Nicole Lindstrom is Assistant Professor of International Relations and European Studies at the Central European University in Budapest and a JSTS alumna. She participated in the Niarchos Roundtable on "Overcoming Religious Nationalism in the Balkans," held on December 5, 2003. The following is an updated summary of her presentation. Meeting Report 295.

Barely one week before the European Union's biggest enlargement ever on May 1, 2004, the European Commission gave Croatia the green light to open formal accession negotiations for EU membership. Croatian Prime Minister Ivo Sanader toasted the news with champagne in Zagreb, declaring: "Today we turn a new page in history." The Commission's decision is a remarkable turnaround for a country that was mired in violent conflict a decade ago and diplomatically isolated for most of the 1990s. It is significant as well that Sanader, elected in December 2003 when the Croatian Democratic Union (CDU) resumed power, celebrates this historic moment.

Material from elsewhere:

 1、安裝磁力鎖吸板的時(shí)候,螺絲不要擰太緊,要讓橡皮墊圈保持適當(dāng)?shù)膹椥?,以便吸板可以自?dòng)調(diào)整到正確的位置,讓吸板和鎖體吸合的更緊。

The nationalist policies of his party's founder, Franjo Tudman, thwarted Croatia's European aspirations throughout the 1990s. CDU leaders and their supporters continued in recent years to undermine the previous regime's commitment to meeting EU conditions, namely turning over indicted war criminals to the International Criminal Tribunal for the former Yugoslavia (ICTY). The election of the CDU in December 2003 thus provided an important test for whether changes brought about by the EU's accession process are enduring. By fulfilling his pledge to make a clear and determined effort to enter the EU, even at the expense of marginalizing nationalist factions, Sanader appears to have turned a new page.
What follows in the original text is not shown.